Do hyphens in article titles harm citation counts?

During the past few weeks, those of us with an interest in citation analysis may have stumbled upon catchy headlines such as Hyphens in paper titles harm citation counts and journal impact factors, One punctuation mark has been skewing our scientific ranking system, and One small hyphen in a title could diminish academic success. These are headlines of online reports covering the paper Metamorphic robustness testing: Exposing hidden defects in citation statistics and journal impact factors by Zhi Quan Zhou, T.H. Tse, and Matt Witheridge, which has been accepted for publication in IEEE Transactions on Software Engineering. The paper claims that citation statistics reported by Scopus and Web of Science are unreliable, “as they can be distorted simply by the presence of hyphens in paper titles”. According to the paper, the algorithms used by Scopus and Web of Science to match references with the corresponding cited articles do not work well when cited articles include hyphens in their titles.

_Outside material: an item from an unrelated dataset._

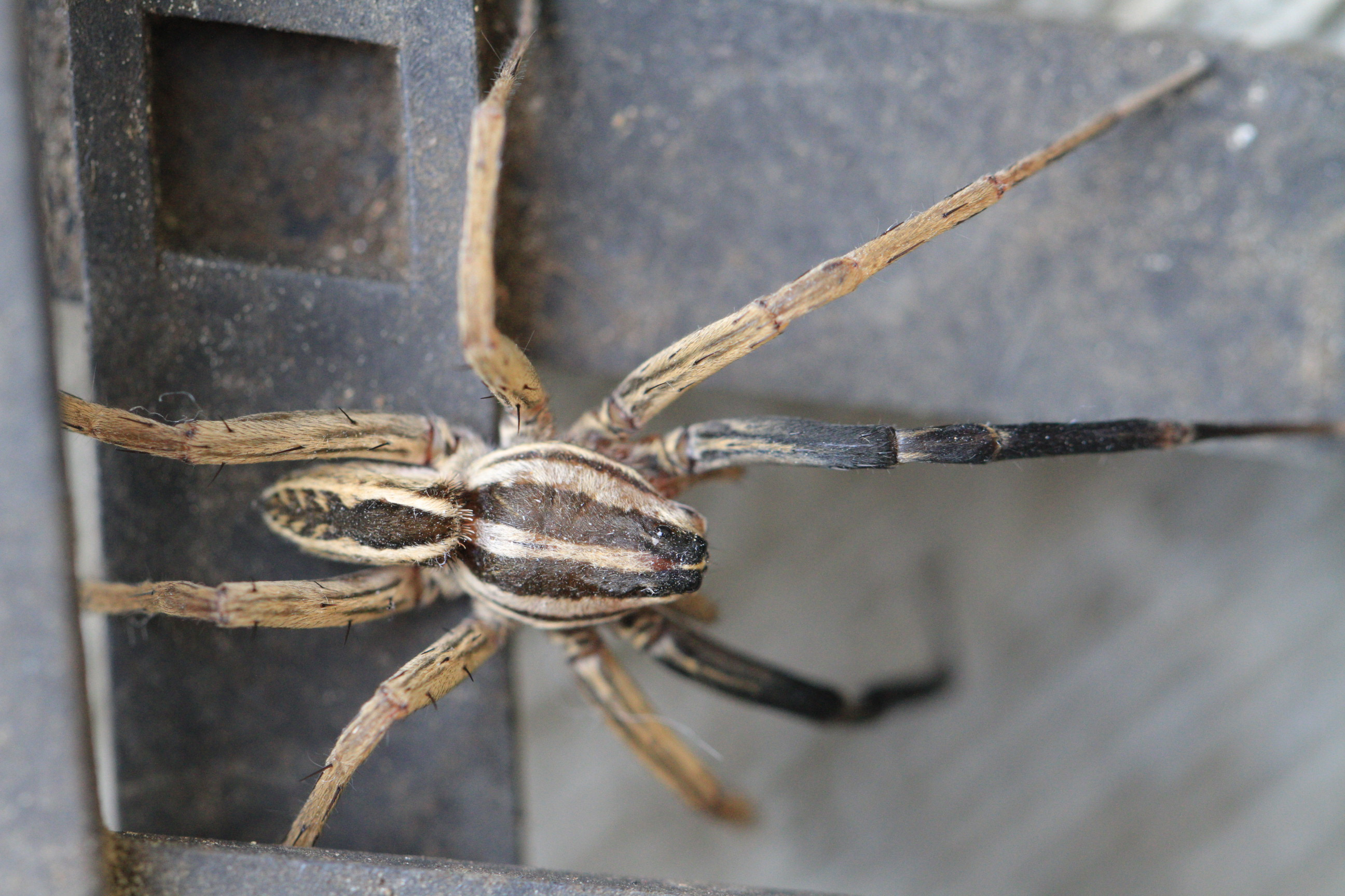 A Rabid Wolf Spider was gathering some sunlight before running quickly between some plant supports to hide, eventually crawling down into some thicker foliage on the garden floor.#RabidosaRabida#RabidWolfSpider#WolfSpider#Spider#Arachnid#Entomology#AnimalBiology#biology

If the authors are right, this could undermine the validity of all citation analyses carried out worldwide based on data from Scopus and Web of Science. However, are the authors right? Elsevier and Clarivate Analytics, the producers of Scopus and Web of Science, both claim that the IEEE paper is flawed. They state that their reference matching algorithms are insensitive to the presence of hyphens in article titles. Of course, the business interests of Elsevier and Clarivate Analytics are threatened by the paper, so they have an interest in rejecting the conclusions of the paper. This makes clear that there is a need for a more independent perspective on the IEEE paper, which we aim to offer in this blog post.

On average, the larger the number of hyphens in the title of an article, the lower the number of citations received by the article. (Source: University of Hong Kong)

Should we believe the IEEE paper?

The IEEE paper looks impressive. It has been accepted for publication in a journal that seems to have a good reputation. The paper presents many different analyses, apparently showing the robustness of the authors’ findings. Studies like this one may suffer from confusion of correlation and causality, but the authors explicitly discuss this point, suggesting that they are well aware of this important methodological issue.

Nevertheless, the IEEE paper is deeply flawed. The authors make basic mistakes in confusing correlation and causality, despite their claim not to make this error. They compare citation counts of articles with and without hyphens in the title. Based on the observation that articles with hyphens in the title on average receive fewer citations than articles without hyphens in the title, they conclude that the reference matching algorithms of Scopus and Web of Science do not handle hyphens properly. The authors analyze a few confounding factors (e.g., the field of research and the publication year of an article) and observe that these factors do not explain the observed differences in citation counts. However, many other confounding factors (e.g., the type of study, for instance methodological vs. empirical studies, or the level of experience of the authors) are not considered, and therefore the strong causal conclusions drawn by the authors are not justified.

Another deeply problematic element in the IEEE paper is the analysis of journal impact factors. The authors claim that journal impact factors are affected by the alleged shortcomings of the reference matching algorithm of Web of Science. However, anyone familiar with the calculation of journal impact factors will understand that this is impossible. To calculate journal impact factors, citations are counted directly at the level of journals, not at the level of the individual articles within a journal. Only the name of the cited journal and the publication year of the cited work matter when counting the number of references citing a particular journal. The approach taken by Clarivate Analytics to calculate journal impact factors is well known and has been subject of considerable debate. Apparently, the authors of the IEEE paper are completely unaware of this.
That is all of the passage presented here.